▶ **WORK ORDER**
Repeat exactly, and only, the lines of the entries below from the one with "Именно внутри Пантеон" through the one with "An exceptional emerald", both ends included.

▶ **EXERCISE INPUT**
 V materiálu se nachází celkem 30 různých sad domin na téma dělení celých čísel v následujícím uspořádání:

==

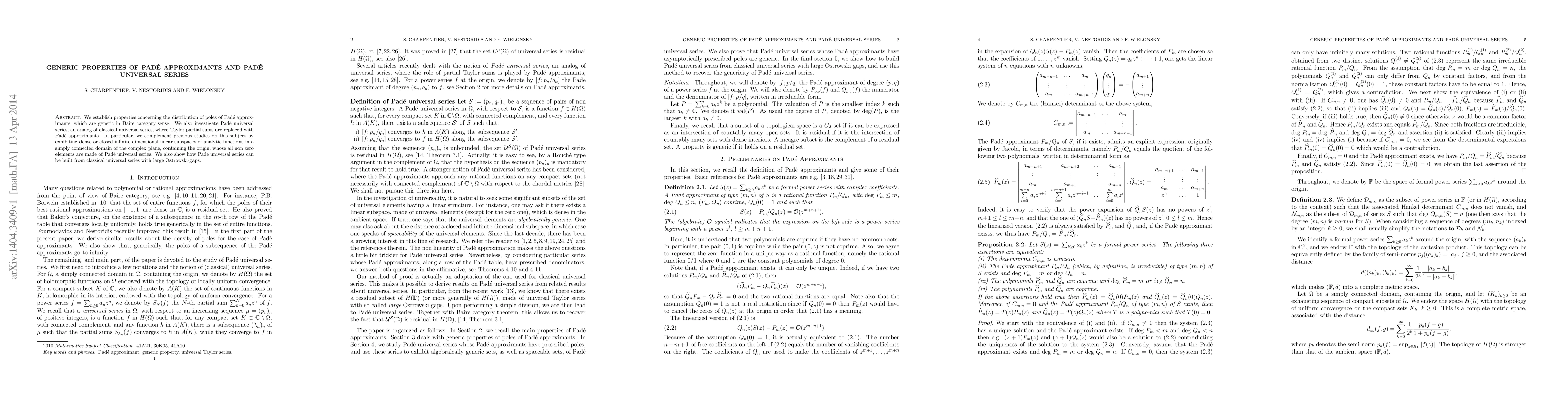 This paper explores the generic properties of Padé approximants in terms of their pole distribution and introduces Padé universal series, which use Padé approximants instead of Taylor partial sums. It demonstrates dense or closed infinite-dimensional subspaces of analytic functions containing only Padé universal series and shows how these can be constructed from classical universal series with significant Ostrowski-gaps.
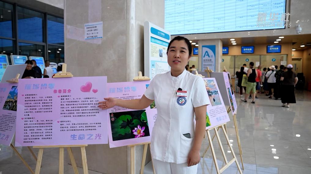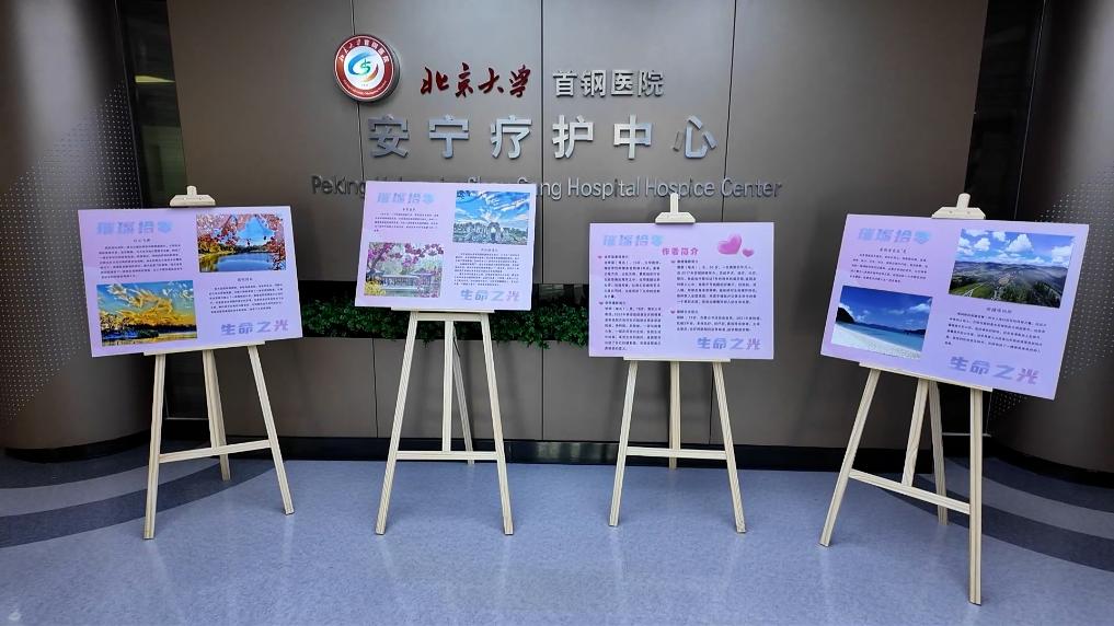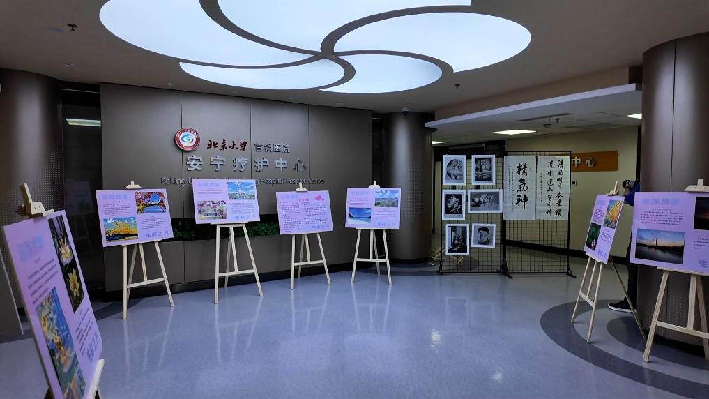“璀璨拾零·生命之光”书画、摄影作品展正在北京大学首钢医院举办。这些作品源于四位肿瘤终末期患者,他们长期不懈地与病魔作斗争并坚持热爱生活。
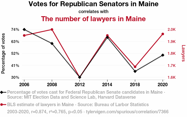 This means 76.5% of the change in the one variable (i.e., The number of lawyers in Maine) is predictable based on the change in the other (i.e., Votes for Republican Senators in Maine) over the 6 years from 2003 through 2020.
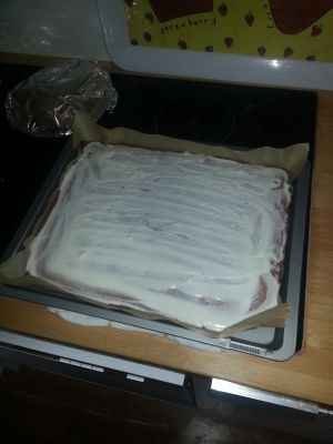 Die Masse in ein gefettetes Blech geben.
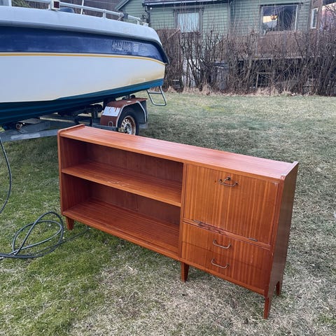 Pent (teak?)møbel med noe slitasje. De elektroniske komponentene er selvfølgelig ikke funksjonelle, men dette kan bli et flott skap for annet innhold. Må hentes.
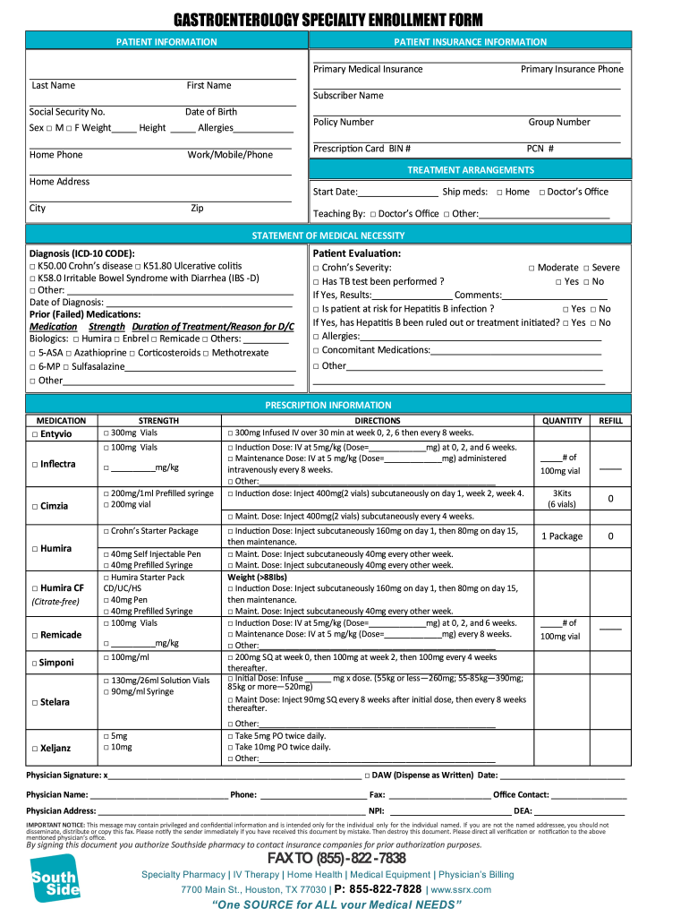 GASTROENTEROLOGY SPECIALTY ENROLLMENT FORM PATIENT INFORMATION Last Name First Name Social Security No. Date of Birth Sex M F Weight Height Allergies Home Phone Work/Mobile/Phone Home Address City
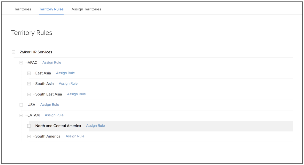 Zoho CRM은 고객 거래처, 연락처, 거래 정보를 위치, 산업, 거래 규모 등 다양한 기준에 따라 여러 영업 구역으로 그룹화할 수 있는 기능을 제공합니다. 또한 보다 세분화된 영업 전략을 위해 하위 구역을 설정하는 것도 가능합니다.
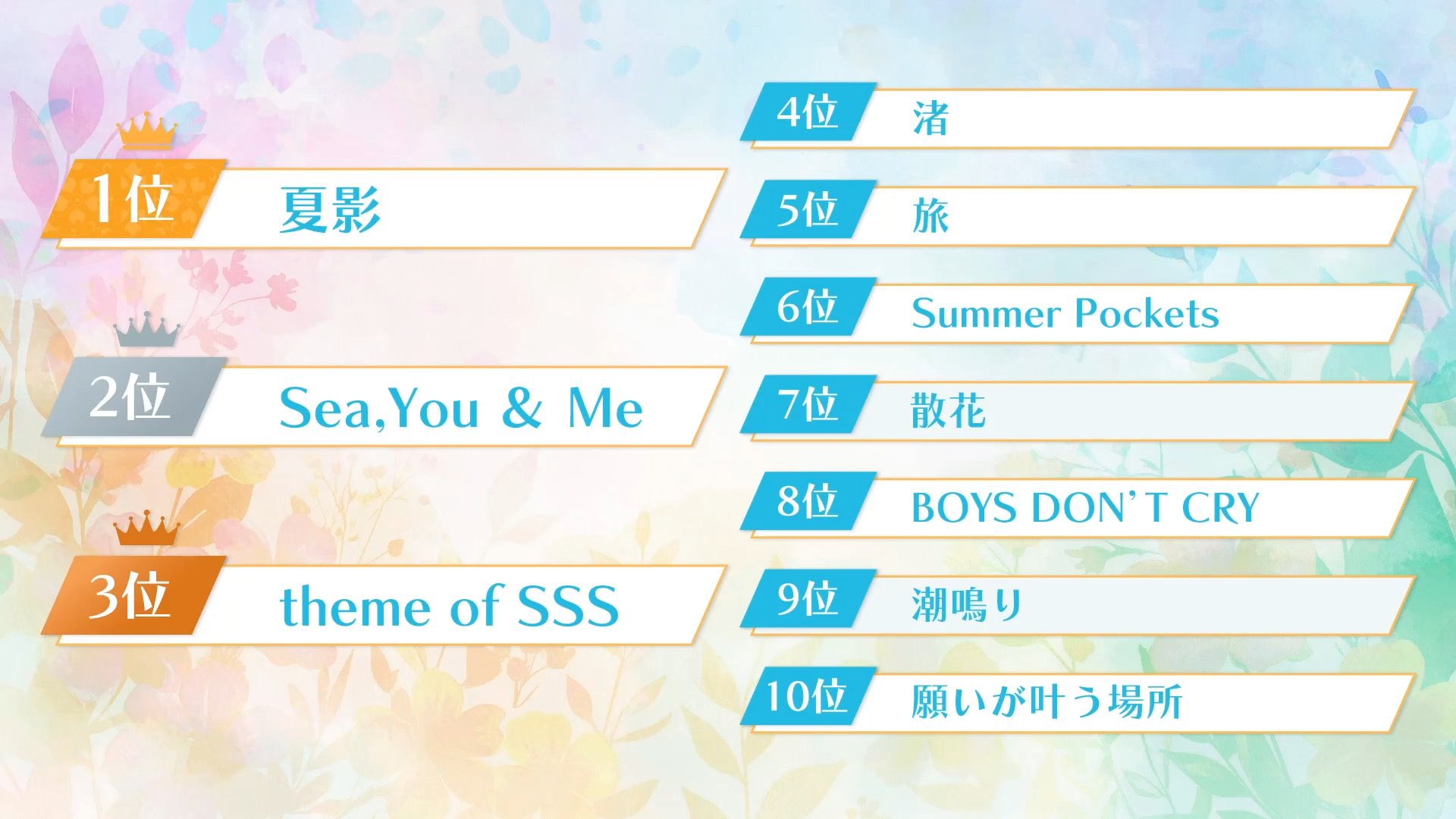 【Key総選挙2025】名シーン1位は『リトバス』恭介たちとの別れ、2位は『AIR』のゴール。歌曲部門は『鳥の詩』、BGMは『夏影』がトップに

==

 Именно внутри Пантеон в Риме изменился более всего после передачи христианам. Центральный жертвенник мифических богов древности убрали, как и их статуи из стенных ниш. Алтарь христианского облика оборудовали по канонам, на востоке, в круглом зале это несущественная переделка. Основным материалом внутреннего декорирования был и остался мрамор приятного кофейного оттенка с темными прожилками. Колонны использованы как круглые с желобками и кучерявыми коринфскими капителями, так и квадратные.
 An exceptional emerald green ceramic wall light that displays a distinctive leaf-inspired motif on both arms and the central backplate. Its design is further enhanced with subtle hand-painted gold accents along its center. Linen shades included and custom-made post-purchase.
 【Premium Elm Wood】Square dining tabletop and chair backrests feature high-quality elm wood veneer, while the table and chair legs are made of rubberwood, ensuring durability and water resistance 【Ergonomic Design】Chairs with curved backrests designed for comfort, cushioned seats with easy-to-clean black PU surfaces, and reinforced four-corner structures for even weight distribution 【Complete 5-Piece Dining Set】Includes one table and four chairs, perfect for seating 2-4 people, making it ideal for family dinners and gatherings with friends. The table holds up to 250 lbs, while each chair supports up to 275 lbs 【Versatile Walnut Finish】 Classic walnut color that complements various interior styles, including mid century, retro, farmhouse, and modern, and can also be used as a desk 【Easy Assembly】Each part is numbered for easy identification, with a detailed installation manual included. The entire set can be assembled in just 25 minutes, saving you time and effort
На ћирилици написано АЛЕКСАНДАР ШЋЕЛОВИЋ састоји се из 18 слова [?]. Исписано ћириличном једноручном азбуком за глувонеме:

▶ **SOLUTION**
 Именно внутри Пантеон в Риме изменился более всего после передачи христианам. Центральный жертвенник мифических богов древности убрали, как и их статуи из стенных ниш. Алтарь христианского облика оборудовали по канонам, на востоке, в круглом зале это несущественная переделка. Основным материалом внутреннего декорирования был и остался мрамор приятного кофейного оттенка с темными прожилками. Колонны использованы как круглые с желобками и кучерявыми коринфскими капителями, так и квадратные.
 An exceptional emerald green ceramic wall light that displays a distinctive leaf-inspired motif on both arms and the central backplate. Its design is further enhanced with subtle hand-painted gold accents along its center. Linen shades included and custom-made post-purchase.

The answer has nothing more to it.